右左肾囊肿手术 天涯大小2.2×1.6cm要做手术吗

在日常生活中,人们很容易发生异常情况,比如腰痛,腹痛,肾上有肿块等,其实这都是肾囊肿的一些症状,都应该及时到医院做个全面检查,做到早发现早治疗,以免错过最佳治疗时机,尤其是肾功能不全者更应该引起高度重视,大家都知道,人有两个肾,一个是左肾,另一个是右肾,即使只有其中一个肾出现异常都会对人们的生活带来影响。下面我就把我所知道的关于肾囊肿的东西跟大家分享一下。
步骤/方法:
1肾囊肿是成年人肾脏最常见的一种肾脏结构异常,可分为单侧或双侧,一个或多个,一般直径2cm左右,多发生于男性,并且随年龄增长,其发病率也逐渐增加,我们通常见的肾囊肿都是单纯性肾囊肿。

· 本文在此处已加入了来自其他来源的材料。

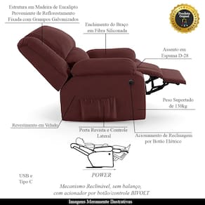 Que tal criar seu próprio home cinema? Aqui, vamos mostrar como você pode montar o seu! Com o local adequado, alguns itens decorativos e uma poltrona ideal, você garantirá um espaço confortável e imersivo. O primeiro passo é investir em equipamentos de alta qualidade! Olha só que lindeza a nossa Poltrona do Papai Reclinável Melim. Ela foi projetada para proporcionar máximo conforto e funcionalidade, esta poltrona é a escolha ideal para quem busca relaxamento, estilo e uma experiência de cinema privada. A praticidade do ajuste elétrico conta com acionamento de reclinagem por botão power elétrico Bivolt em uma das Braças, com apenas um toque, proporcionando a posição ideal, criando uma experiência incomparável. Com capacidade para suportar até 130 kg, oferecendo segurança e estabilidade ao consumidor. O revestimento em Veludo Vinho oferece um toque de sofisticação e conforto, enquanto a estrutura em Madeira de Lei Eucalipto com Controle de Umidade, Proveniente de Reflorestamento, Fixa com Grampos Galvanizados garante resistência e durabilidade. O encosto e o assento são sustentados por percintas elásticas. O braço/assento possui Enchimento em Fibra Siliconada. O assento foi preenchido com espuma D-28, respectivamente, para um conforto adicional. O assento (fixo) e o apoio de Pés Retrátil proporcionam um apoio perfeito para suas pernas, aumentando o conforto. O encosto reclinável, possibilita ajustá- lo para a posição ideal de relaxamento. Já os pés (fixos) foram feitos em aço revestido com plástico, adicionando um toque de elegância ao produto. E tem mais!! A poltrona também possui uma saída USB, que permite que você carregue seu celular ou tablet enquanto você relaxa. Ela contém Bolso lateral nas braças perfeito para armazenar livros e revistas, mantendo tudo ao seu alcance. Com um design moderno e prático, esta poltrona se tornará o destaque da sua sala de estar. Afinal, sua casa merece a Poltrona do Papai Reclinável Melim Power Elétrica USB. Adquira a sua agora mesmo e transforme sua sala de estar em um verdadeiro cinema!
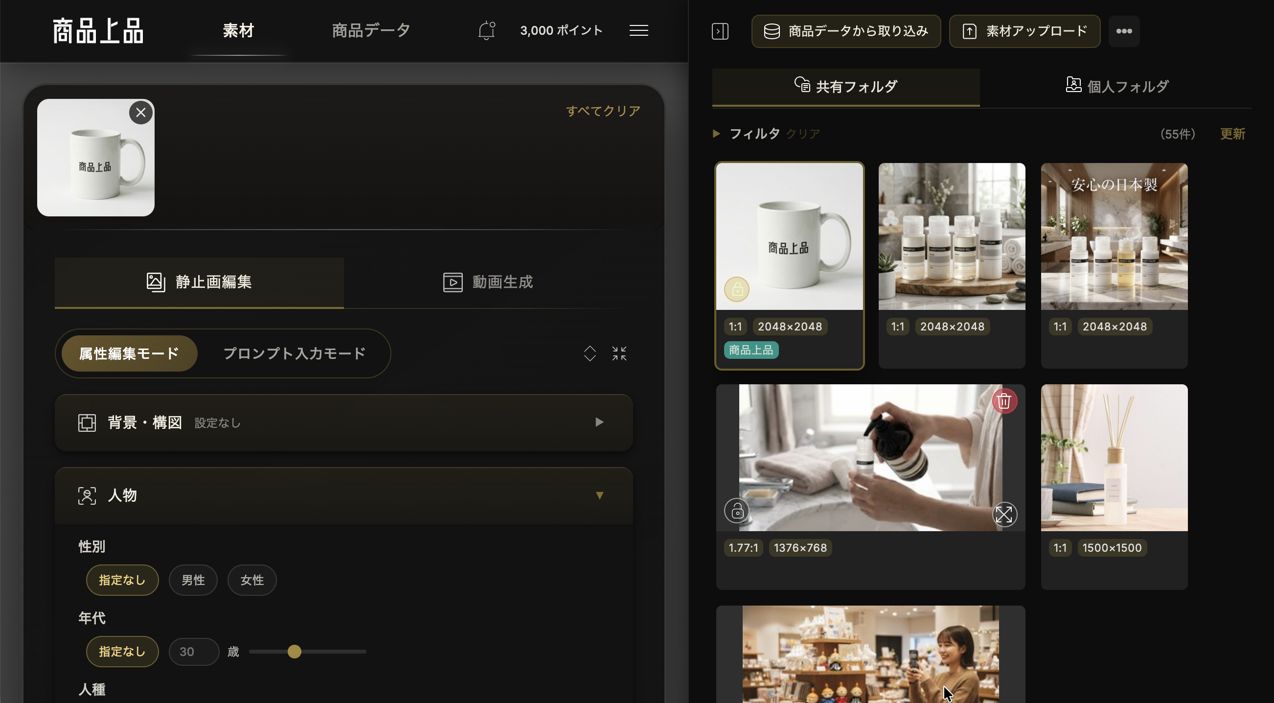 「商品上品」は、こうしたメーカー/EC出店者が、少人数のマーケティング・デザインチームでも、高品質な商品画像・動画を量産できることを目的に開発された、クラウド型AIクリエイティブプラットフォームです。
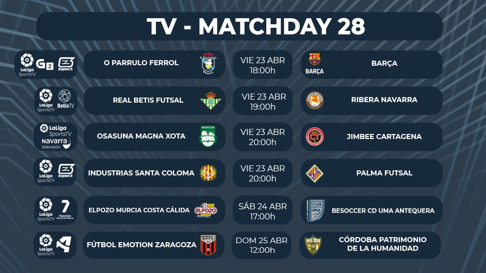El viernes comienza la Jornada 28 en la élite del Fútbol Sala nacional y lo hace con un duelo de urgencia para O Parrulo Ferrol, que recibe la visita del Barça (18:00 horas) y que podrá verse a través de LaLigaSports, TVG2 y Esports3. Una hora después, el balón echará a rodar en Amata en el duelo entre Real Betis Futsal y Ribera Navarra (LaLigaSportsTV y BetisTV). A partir de las 20:00 horas darán comienzos los duelos entre Osasuna Magna Xota y Jimbee Cartagena (LaLigaSportsTV y Navarra Televisión) y el Industrias Santa Coloma – Palma Futsal (LaLigaSportsTV y Esports3).
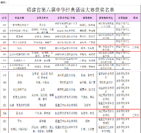 近日,福建省教育厅体育卫生艺术教育与语言文字处公布了“福建省第六届中华经典诵读大赛”的获奖结果。我院在此次大赛中成绩斐然,郑思琪同学的个人朗诵作品《预言》成功进入现场赛并荣获职业学校学生组二等奖;王世尧、李芳源两位同学的合作朗诵作品《回延安》,也以出色的表现获得职业学校学生组三等奖。
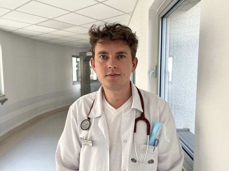 Na pierwszy ogień poszedł Hubert Mikosza (26 l.). To jeden z najmłodszych lekarzy stażystów w naszym szpitalu. Pan Hubert to mieszkaniec Szczytna. Medycynę skończył w czerwcu 2021 roku w Tarnopolu w Ukrainie. We wrześniu w Białymstoku zdał egzamin nostryfikujący jego uprawnienia do wykonywania zawodu lekarza w Polsce.
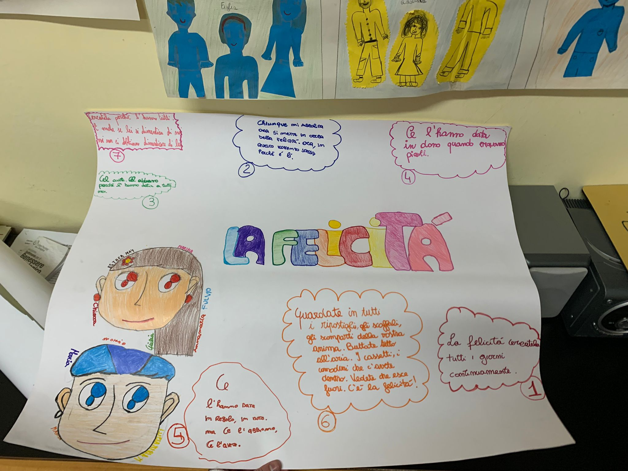 - La seconda è invece “Felicità chiama” : a partire dalla visione del video nel quale il celebre attore Roberto Benigni espone un monologo riguardante la felicità, ognuno scrive la frase che maggiormente gli è rimasta impressa, successivamente la legge e motiva la sua scelta riportandola su un cartellone per far si che diventi più indelebile che mai. Ciò attesta che, al contrario di come si potrebbe pensare, da alcuni “giochi” apparentemente insignificanti, si può arrivare a tanto. Si può arrivare addirittura a ricordare, in modo costruttivo, quelle cose che, spesso, sembrano sempre più distanti dall’immaginario collettivo e che, di conseguenza, tendono a dare origine ad uno stato di angoscia che non permette di scorgere i lati positivi della vita.
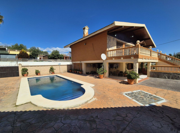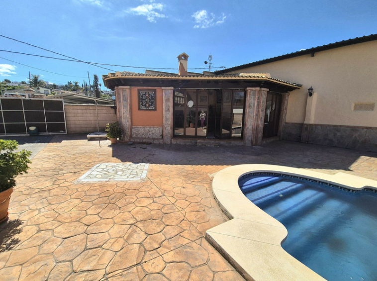 Piscina con terraza circundante, ideal para el entretenimiento.
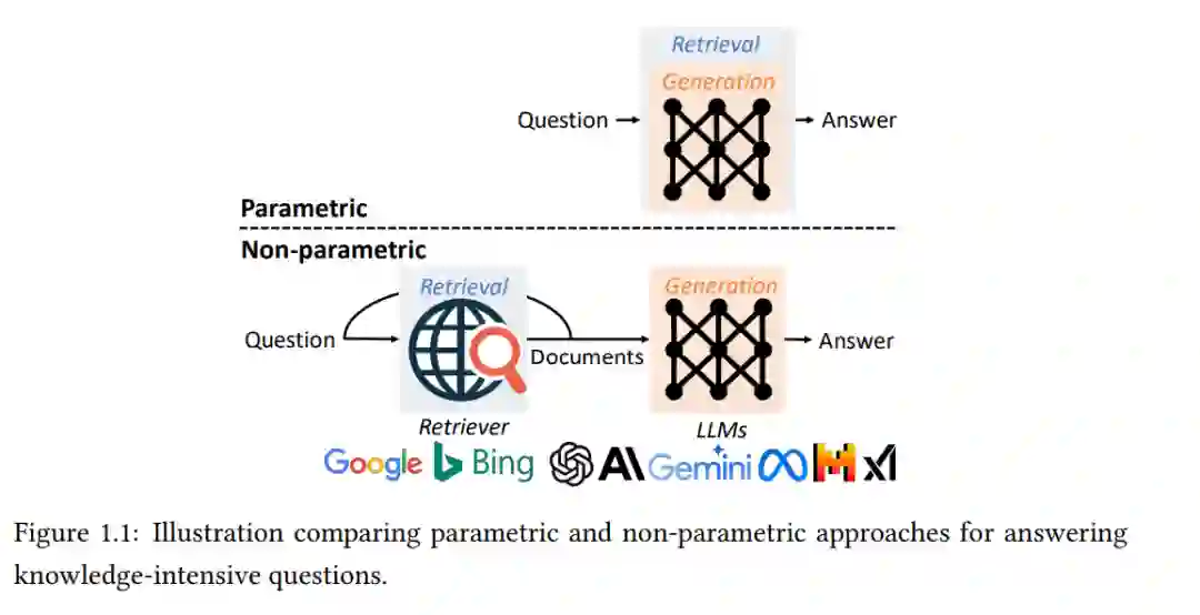 参数化方法提供了一个简单的接口,但它们存在幻觉问题,并且无法访问实时的外部信息。在论文的第二部分中,我们重点关注通过非参数化数据存储扩展LLMs的非参数化方法,这通常由一个文档语料库和一个检索器构建。标准的检索增强生成(RAG)流程包括基于嵌入的检索器和基于LLM的生成器,通常需要单独的训练程序,并且往往受限于检索器的性能。我们引入了一种将检索与生成融合在单个变换器中的端到端解决方案,并直接使用注意力机制进行检索。为了解决需要详细回答的复杂问题,我们引入了Active RAG,它在生成过程中动态和主动地检索信息。最后,我们通过比较和调和两种范式并提供对未来方向的见解来总结我们的研究。
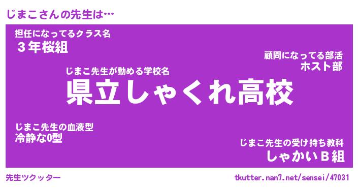 | ファンタジー風あだ名 | 『ジマフェル』『エターナルジマコー』 |
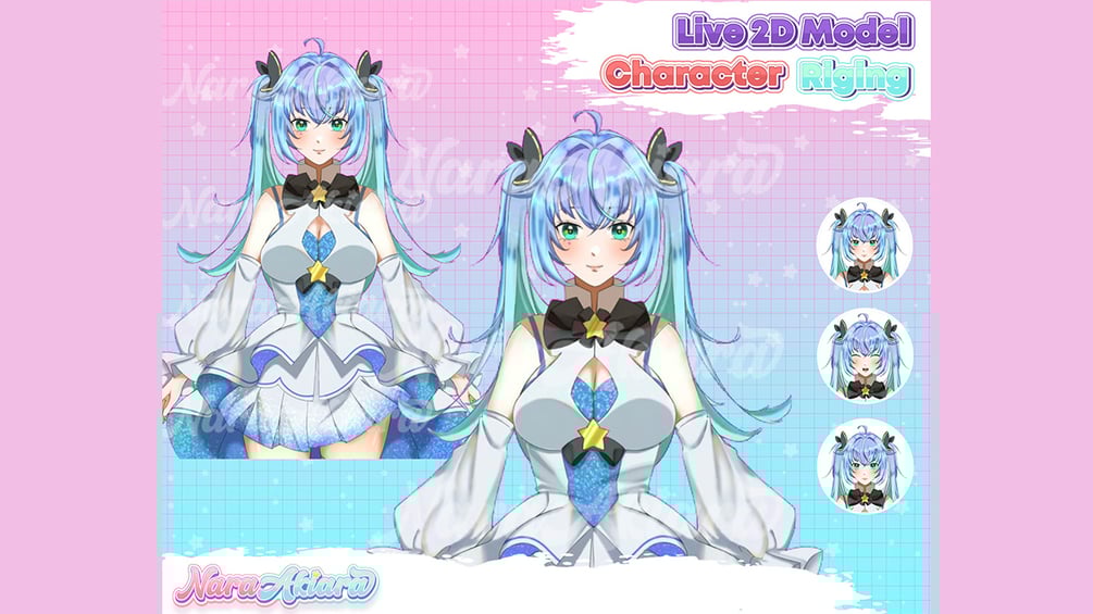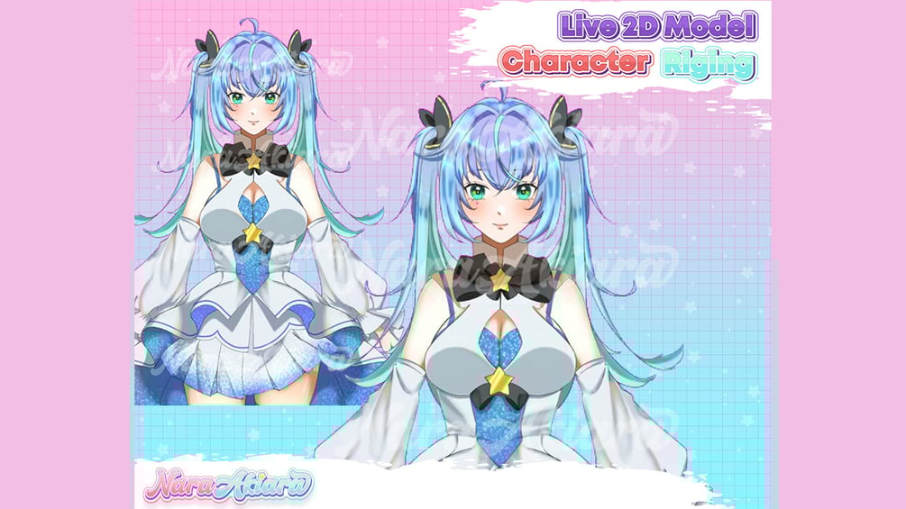 Vtuber Model and Rigging Anime Girl Cute Blue Hair Premade, Live2d ready to use vtuber stream pack
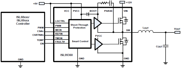 ISL99360 和 ISL99360B 具有兼容 3.3V 和 5.0V 的三态 PWM 输入,与瑞萨的多相 PWM 控制器配合使用,可在异常工作条件下提供可靠的解决方案。 ISL99360 和 ISL99360B 还集成了 UVLO、HFET 短路、过热和过流的故障保护来提高系统性能和可靠性。 漏极开路故障报告引脚简化了 SPS 和控制器之间的握手过程,并可在启动和故障条件下禁用控制器。
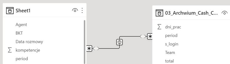 Nie możemy ingerować w model. Musimy utworzyć wizualizację (matrix) w której po stronie wierszy jest period, w kolumnach „s_login”, a jako wartości występuje „total” z tabeli Archiwum oraz „kompetencje” z tabeli Sheet1. Wiemy, że kolumnami po których powinien propagować się filtr, są Agent i s_login – zawierają te same wartości, ale w Power BI nie ma możliwości aktywować więcej niż jednej relacji na raz. Tworząc żądaną tabelę, mamy odpowiednie wartości dla „total” (ponieważ jest filtrowany przez występujące w wizualizacji period i s_login z tej samej tabeli modelu, ale dla „kompetencje” wyniki są co prawda podzielone przez kolumnę „period”, ale dla wszystkich agentów takie same.
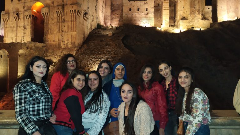 في زيارات مختلفة مع الشابات الجامعيات الى أماكن مختلفة في حلب ، جنبًا إلى جنب مع الطلاب الجامعيين الشباب ؛ قام الجميع مع الأب هوغو ألانيز والاخوات الراهبات في زيارة يوم الجمعة الماضي إلى قلعة حلب.
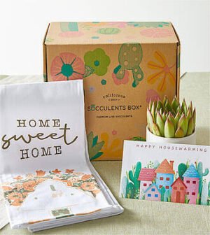 $64.90Send a thoughtfully curated gift that is sure to warm their new home. Our Housewarming gift box comes with an Echeveria Succulent, a Home Sweet Home tea towel, and a Happy Housewarming card. Each gift box arrives with care instructions specific to the suc

2单纯性肾囊肿一般没有什么不适症状,只有当肾囊肿压迫引起血管闭塞或尿路梗塞时才会出现一些症状,才有可对肾功能产生影响。一般20岁之前不会出现单纯肾囊肿,如果出现,很可能是先天性肾脏发育不全或者遗传性肾囊肿。
3单纯性肾囊肿如何治疗主要看囊肿直径大小,当直径大于5cm时,应该采取治疗方法,如硬化剂注射,而当囊肿特别巨大,大于10cm时则需要进行手术,并且单纯性肾囊肿手术并不是大手术,不需要太担心。
注意事项:
生病并不可怕,可怕的是破罐子破摔,因此,单纯性肾囊肿患者要及时跟家里人沟通,缓解心理压力,必要的时候也可以向医生多了解,在平时饮食中也要特别注意,不食辛辣刺激食物,尤其是先天性肾功能不全者。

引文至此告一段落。